The problem: Only reproduce the lines from the line containing "В. А. Перовский" onward, exactly, through the final line of the data below.

─── Data block ───

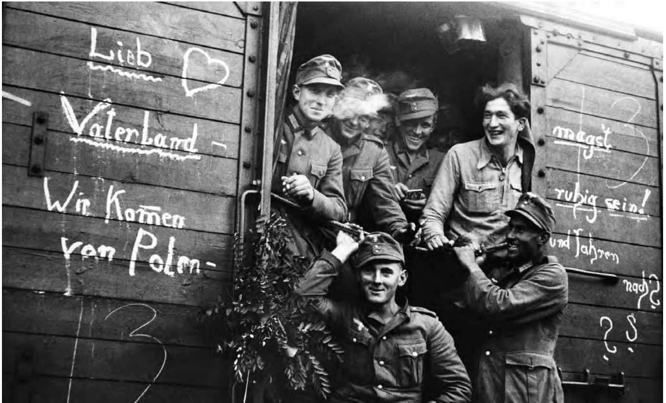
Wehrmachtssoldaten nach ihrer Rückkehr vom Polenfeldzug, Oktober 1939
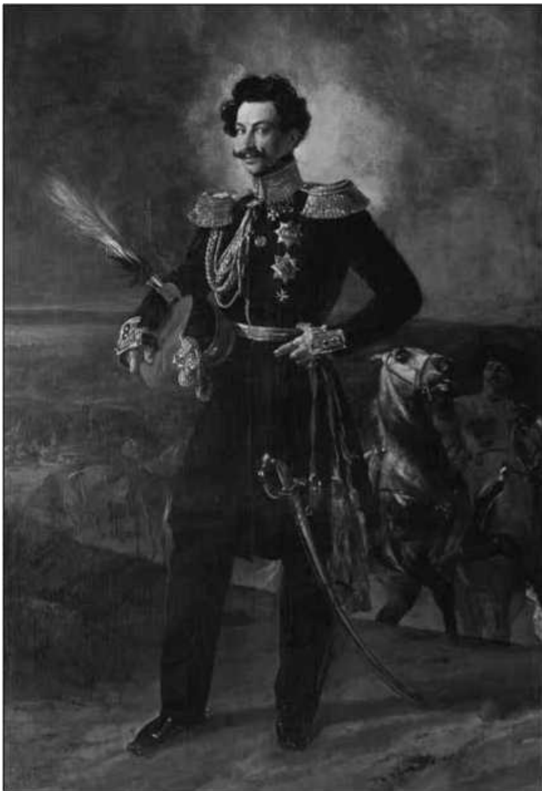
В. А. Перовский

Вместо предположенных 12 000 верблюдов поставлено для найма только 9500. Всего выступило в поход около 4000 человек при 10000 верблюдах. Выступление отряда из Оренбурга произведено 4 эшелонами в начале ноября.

───

Solution:
В. А. Перовский

Вместо предположенных 12 000 верблюдов поставлено для найма только 9500. Всего выступило в поход около 4000 человек при 10000 верблюдах. Выступление отряда из Оренбурга произведено 4 эшелонами в начале ноября.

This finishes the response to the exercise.